22 February 2017

Electric bikes are for old people… aren’t they?

Young woman and man riding Stromer ST1 electric bikes

Some people think an e-bike is just like a normal bike except you don’t do much work – good for dodgy knees. Here’s what it’s really like riding an e-bike in London

Electric bikes are essentially standard bikes with a battery and motor which gives you assistance as you pedal, which is why they are treated legally like a regular bike (except you have to be 14 to ride one). The assistance can be adjusted from almost nothing to a level that makes you feel a little bit superhuman – but with London traffic and no worries about when it can be charged next, I find it best to leave it set to max.

Here are the good things about them and why young, fit people should ride them too:

They’re quick

E-bikes accelerate swiftly to 15mph or so and pretty much stay there. You can be off at the lights just after the motorbikes but before the cars, keeping you clear of most other traffic through junctions, which is where the majority of accidents happen. The other major advantage is that hills don’t make much of a difference – I’ll only lose a few mph riding up to somewhere like Hampstead – and it feels much safer to keep your speed closer to the rest of the traffic.

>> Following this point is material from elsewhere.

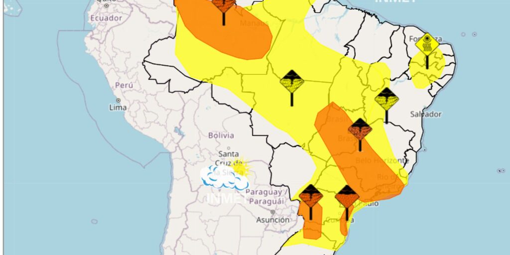 Inmet alerta para chuvas intensas de norte a sul do Brasil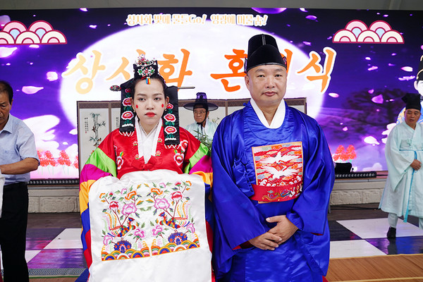 신부의 족두리와 상사화의 화려한 자태가 잘 어울린다는 찬사를 받았던 이 행사는 잊혀져 가는 우리의 아름다운 전통문화를 소개하고 더불어 결혼식을 올리지 못하고 사는 가정에 혼례식을 통해 부부로써의 자긍심을 높여주고자 영광향교에서 매년 상사화축제에 맞춰 벌이는 행사로 올해는 영광읍에 사는 다문화가정 성모씨 부부가 주인공이 됐다.

Once up to speed, then yes, someone fit on a road bike will pull away from you, but you’ll soon be at another set of lights.

They give you confidence

The combination of fast acceleration and maintaining a good speed makes it easier to ride with assurance and assertiveness – important when riding in London. You are less reliant on other road users making allowances for you, and you are more visible if you stay in front.

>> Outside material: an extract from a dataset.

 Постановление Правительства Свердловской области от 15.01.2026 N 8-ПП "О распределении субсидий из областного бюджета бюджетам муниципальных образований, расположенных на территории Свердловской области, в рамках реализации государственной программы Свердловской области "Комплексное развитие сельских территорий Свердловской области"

You can wear normal clothes

Any time of year outside the dead of winter, I can’t ride a normal bike without arriving hot – I try and go more slowly but maybe I’m running late, want to get through the next light before it changes etc. Plus there’s the effort of getting back up to speed after multiple stops.

E-bikes give you the speed without excess effort, so you don’t get to work or a meeting uncomfortably hot and worried about not smelling so fresh.Chain guard on a bike

Also you can ride them in everyday clothes – they all have mudguards and the majority have chain guards so you don’t need bike clips. And putting on a suit doesn’t mean that you have to leave the bike at home and take the tube.

Longer journeys are just as easy

Most cyclists in London have a mental perimeter around their home that they are comfortable riding in – any further just feels too far to go by bike. An electric bike easily doubles the radius or more. A commute that seemed too far to cycle is doable, and the days you just don’t have the energy to go by bike are pretty much over.

They’re practical

Most e-bikes, and particularly Dutch bikes like those from QWIC, are made to be used for all kinds of trips and errands. In contrast, bicycles used in London are often road bikes, single-speed fixies or hybrids. All of which are lightweight with skinny tyres and generally don’t come with mudguards, locks etc, so you have to buy those as extras. And you would never see one with a stand.

Bicycle frame lock

But put a frame lock (the type that is fixed to the frame and stops the rear wheel turning) and a stand on a bike and it can be used in a different way. If you need to stop at a shop for something, you can leave the bike right outside without searching for a post and lock it in about 5 seconds. Keeping half an eye on it while you’re inside is enough, as you know the bike’s going to be too heavy for someone to run off with (more about the weight later). Obviously it’ll need to be locked up more securely for longer periods, but all the fiddling around finding a post of the right size and then threading a lock through the frame just for a 2-minute errand is eradicated.

The other thing that can make a bike way more convenient is taking away the crossbar. Yes, it’s a ladies’ bike, but get over it (at Propeller we use the term step-through, as it’s more descriptive). The crossbar is there for stiffness, so that all your effort goes into making the bike move forward instead of flexing the frame, but if there’s a motor doing a lot of the work the wasted energy is irrelevant. Just think how annoying it is sitting down on one of those tables with benches attached in a pub garden and you wonder why you’d want a bike with a similar barrier to getting in the saddle.

But wait, what about the weight?

Yes, everything so far has been positive, but that’s because a bike that’s part moped is such a good way of getting around town. It wouldn’t be right to ignore the weight, as that may be an issue, particularly if you’re used to carrying your bike upstairs to a flat. Electric bikes are heavy compared to a standard bike, mainly because they have a big battery and a motor. You really don’t notice it when riding, since you’re not doing all the work, but you do when lifting or carrying. A typical e-bike could be a bit over 25kg including the battery, but there are some lighter alternatives if the weight is a concern. For example, the compact series QWIC FN7 weighs a little over 20kg and the Gocycle G3 is only 16.3kg. Taking the battery off helps make carrying easier too. Most people can find an e-bike that works for them.